**Problem statement**
Starting at the line below that contains "3、4番人気で決まりましたがなかなか良い配当をもらえることができました。" and ending at the line that contains "В семь образцов", retype each line exactly as it stands, but omit the pictures.

**Dataset records**
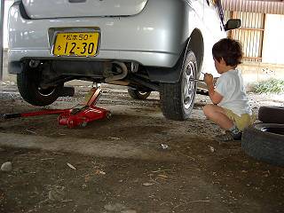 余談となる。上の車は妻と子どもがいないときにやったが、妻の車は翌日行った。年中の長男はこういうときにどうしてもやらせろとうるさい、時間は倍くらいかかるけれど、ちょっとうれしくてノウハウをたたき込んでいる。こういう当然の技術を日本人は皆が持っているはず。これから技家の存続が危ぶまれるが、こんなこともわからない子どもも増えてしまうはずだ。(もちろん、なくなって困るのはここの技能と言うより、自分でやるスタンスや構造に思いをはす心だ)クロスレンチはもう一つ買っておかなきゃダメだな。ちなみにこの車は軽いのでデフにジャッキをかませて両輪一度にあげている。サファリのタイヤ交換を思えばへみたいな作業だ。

...

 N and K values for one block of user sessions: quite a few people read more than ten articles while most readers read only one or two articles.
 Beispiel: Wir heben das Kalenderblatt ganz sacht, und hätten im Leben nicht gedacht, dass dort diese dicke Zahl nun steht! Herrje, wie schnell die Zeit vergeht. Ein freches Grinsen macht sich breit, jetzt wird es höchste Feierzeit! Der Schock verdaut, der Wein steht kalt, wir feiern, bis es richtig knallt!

...

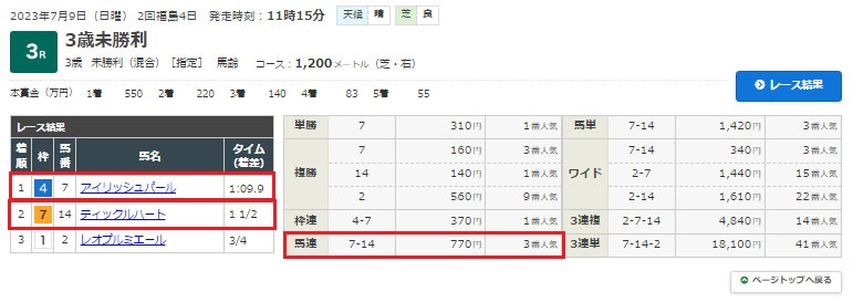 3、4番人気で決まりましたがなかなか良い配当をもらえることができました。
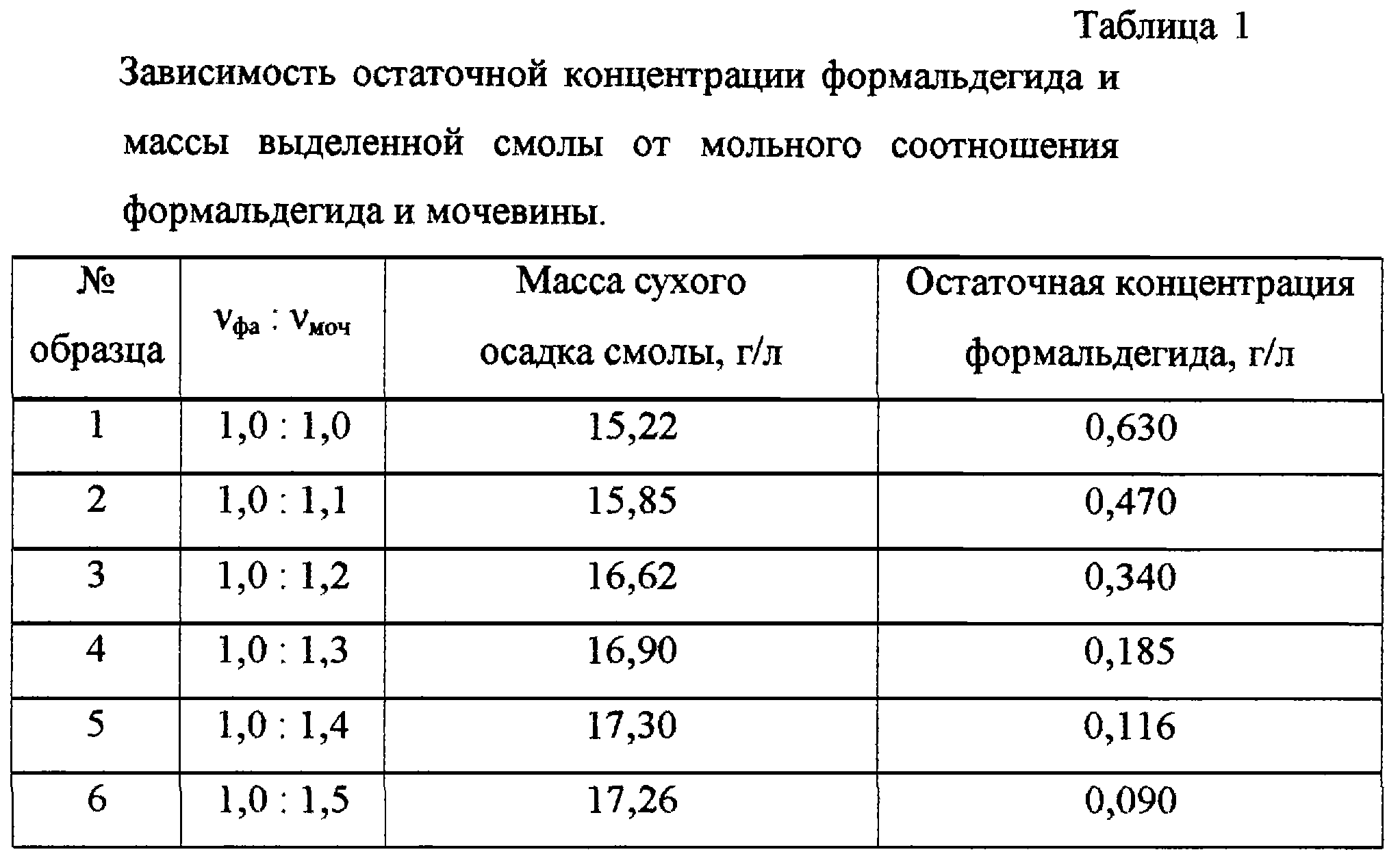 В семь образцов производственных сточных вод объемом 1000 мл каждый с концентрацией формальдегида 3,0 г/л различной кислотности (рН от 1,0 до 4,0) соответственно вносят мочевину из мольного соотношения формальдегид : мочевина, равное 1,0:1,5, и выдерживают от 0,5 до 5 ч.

**Response to the task**
 3、4番人気で決まりましたがなかなか良い配当をもらえることができました。
 В семь образцов производственных сточных вод объемом 1000 мл каждый с концентрацией формальдегида 3,0 г/л различной кислотности (рН от 1,0 до 4,0) соответственно вносят мочевину из мольного соотношения формальдегид : мочевина, равное 1,0:1,5, и выдерживают от 0,5 до 5 ч.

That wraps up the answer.